##### Given data #####

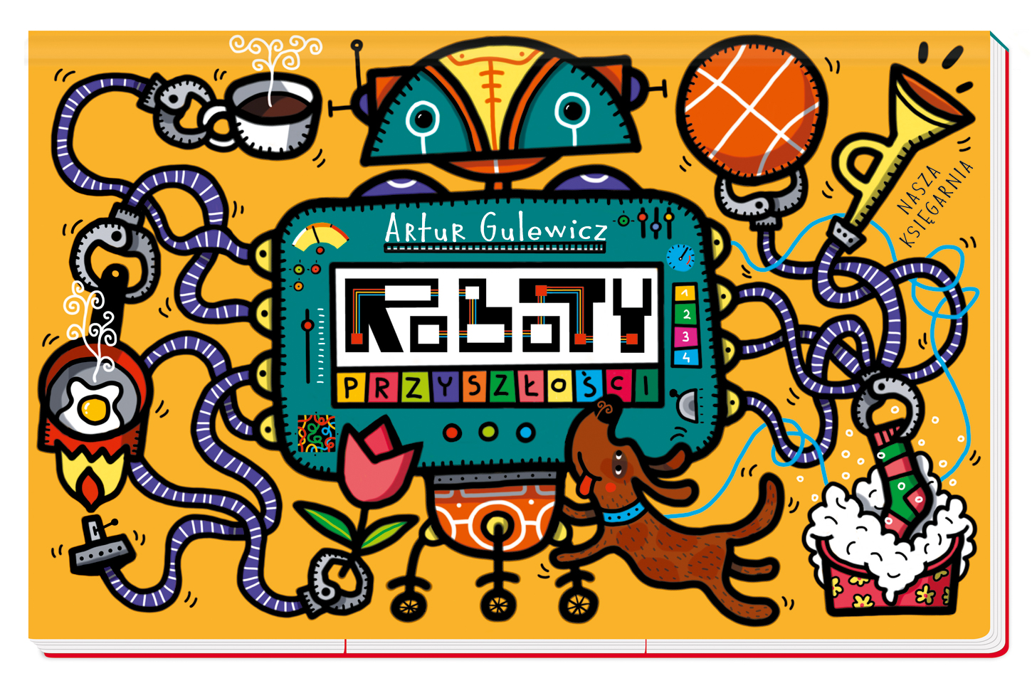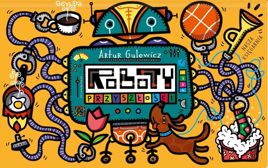W niedalekiej przyszłości istnieje wiele robotów, które pomagają ludziom w wykonywaniu codziennych czynności – wyprowadzają psa, przygotowują śniadanie, piorą, sprzątają mieszkanie, potrafią pięknie grać na instrumentach, pielęgnować ogród, są trenerami gry w koszykówkę, naprawiają samochody. Pewnego dnia na skutek uderzenia pioruna rozsypują się wszystkie części robotów w fabryce. Czy pomożesz odnaleźć pasujące do siebie fragmenty Psomata, Kurzoprecza, Olewatora i innych maszyn? Dzięki podzielonym na trzy części ilustracjom możesz tworzyć wiele własnych wersji robotów przyszłości i doskonale się przy tym bawić. Artur Gulewicz urodził się w 1978 roku. Absolwent łódzkiej ASP. Od ponad dwunastu lat zajmuje się ilustrowaniem i projektowaniem książek. Zaczynał od projektowania podręczników, a dziś skupia się głównie na ilustrowaniu książek dla dzieci, gdyż jak sam mówi, to sprawia mu największą radość i w tym może dać upust wyobraźni. Tworząc ilustracje, miesza różne style. Łączy pastele z akwarelami i zdjęciami, dążąc do uzyskania jak najciekawszego efektu. Współpracuje z czołówką polskich wydawnictw, a także wykonuje projekty dla UNICEF-u.
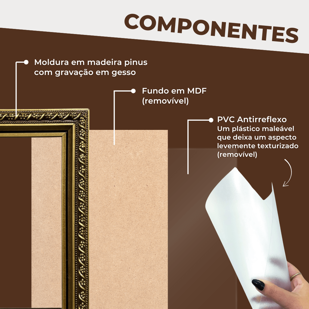 Material: Moldura em madeira pinus com gravação em gesso, fundo em mdf 3mm e frente em PVC Antirreflexo (o PVC é maleável e substitui perfeitamente o acetato e o vidro, deixando um aspecto levemente texturizado);
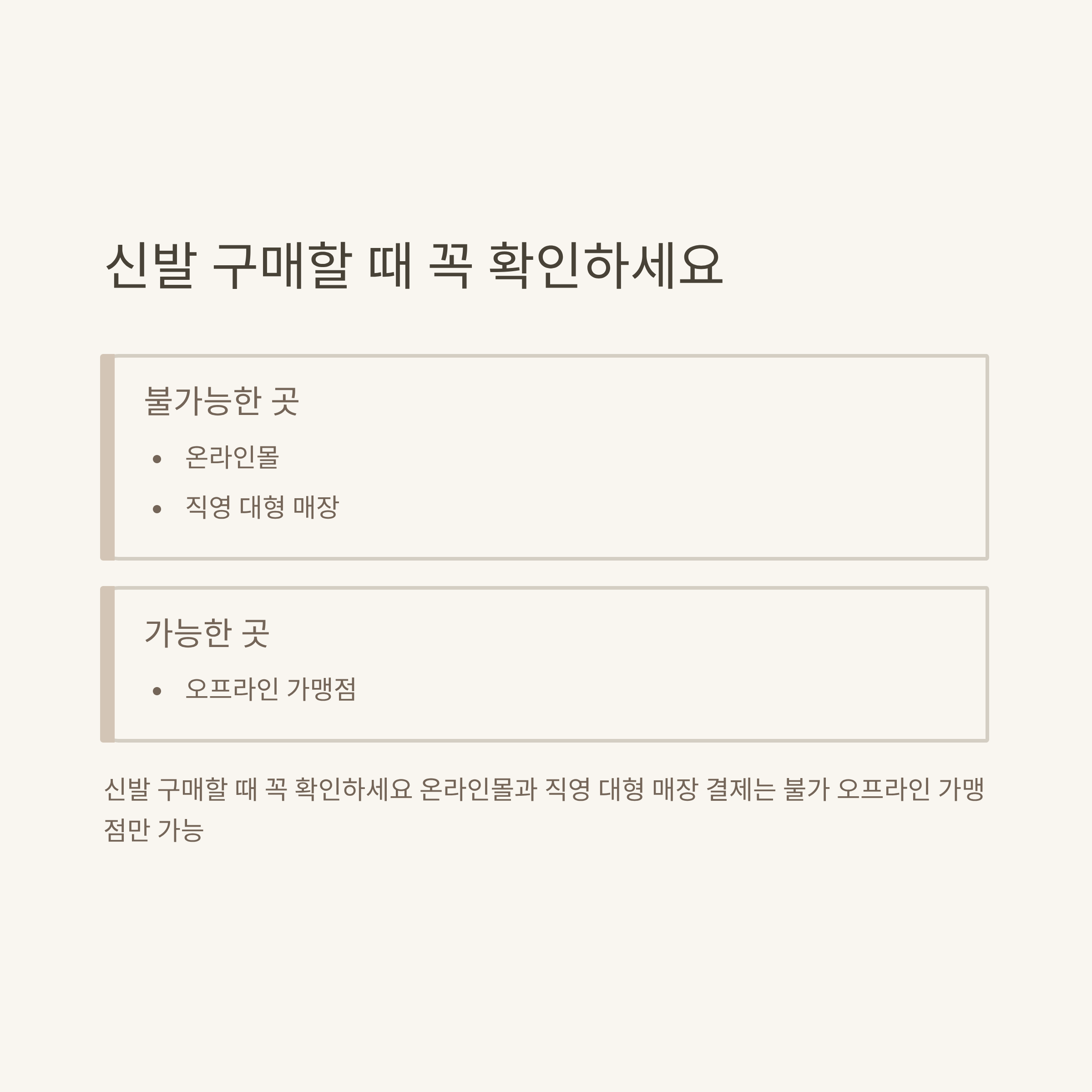 예를 들어, 나이키 봉담점처럼 독립적으로 운영되는 로드숍은 연매출 조건을 충족해 사용 가능성이 높습니다. 반면 백화점 내 입점된 나이키 매장이나 대형 아울렛 매장은 대부분 연매출 초과나 본사 직영 형태여서 사용이 불가능합니다.

#####

**Work required:** Leave the pictures out and transcribe the remaining material exactly.

**Response below:**
W niedalekiej przyszłości istnieje wiele robotów, które pomagają ludziom w wykonywaniu codziennych czynności – wyprowadzają psa, przygotowują śniadanie, piorą, sprzątają mieszkanie, potrafią pięknie grać na instrumentach, pielęgnować ogród, są trenerami gry w koszykówkę, naprawiają samochody. Pewnego dnia na skutek uderzenia pioruna rozsypują się wszystkie części robotów w fabryce. Czy pomożesz odnaleźć pasujące do siebie fragmenty Psomata, Kurzoprecza, Olewatora i innych maszyn? Dzięki podzielonym na trzy części ilustracjom możesz tworzyć wiele własnych wersji robotów przyszłości i doskonale się przy tym bawić. Artur Gulewicz urodził się w 1978 roku. Absolwent łódzkiej ASP. Od ponad dwunastu lat zajmuje się ilustrowaniem i projektowaniem książek. Zaczynał od projektowania podręczników, a dziś skupia się głównie na ilustrowaniu książek dla dzieci, gdyż jak sam mówi, to sprawia mu największą radość i w tym może dać upust wyobraźni. Tworząc ilustracje, miesza różne style. Łączy pastele z akwarelami i zdjęciami, dążąc do uzyskania jak najciekawszego efektu. Współpracuje z czołówką polskich wydawnictw, a także wykonuje projekty dla UNICEF-u.
 Material: Moldura em madeira pinus com gravação em gesso, fundo em mdf 3mm e frente em PVC Antirreflexo (o PVC é maleável e substitui perfeitamente o acetato e o vidro, deixando um aspecto levemente texturizado);
 예를 들어, 나이키 봉담점처럼 독립적으로 운영되는 로드숍은 연매출 조건을 충족해 사용 가능성이 높습니다. 반면 백화점 내 입점된 나이키 매장이나 대형 아울렛 매장은 대부분 연매출 초과나 본사 직영 형태여서 사용이 불가능합니다.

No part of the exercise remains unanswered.